- Born: 17 December 1926 Montrouge, France
- Died: 5 April 2020 (aged 93) Paris, France
- Occupation: Architect

= Michel Andrault =

French architect (1926–2020)

Michel Andrault (17 December 1926 – 5 April 2020) was a French architect.

==Biography==
Andrault was the son of a salesman and a seamstress. He was bedridden for two years due to tuberculosis.

He entered the École nationale supérieure des Beaux-Arts in Paris. After graduating in 1955, Andrault joined his fellow student, Pierre Parat, in business in 1957. The pair won a competition for the construction of the Basilica Sanctuary of the Madonna delle Lacrime in Siracusa in Sicily.

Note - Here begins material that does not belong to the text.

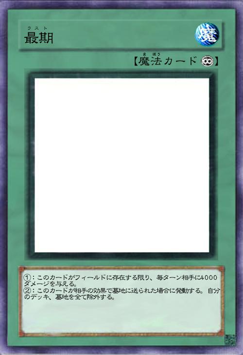 | ①:このカードがフィールドに存在する限り、毎ターン相手に4000ダメージを与える。 ②:このカードが相手の効果で墓地に送られた場合に発動する。自分のデッキ、墓地を全て除外する。 | |||

The controversial and modern design gained them notoriety, and they were contacted by the Caisse des dépôts et consignations for the construction of housing, working with Bouygues. Together, they built 19,000 dwellings, favoring pyramid shapes. The housing was constructed in Évry, Villepinte, Champs-sur-Marne, Plaisir, Couulommiers, and others. They built the headquarters of Havas in Neuilly-sur-Seine, the AGF headquarters in Madrid, the AccorHotels Arena in Bercy, the Tour Totem in Paris, and the Tours Société Générale and Tour Sequoia in La Défense.

Andrault and Parat parted ways in 1995. Andrault collected pre-colonial artifacts from Africa, Northern Ireland, and Burma.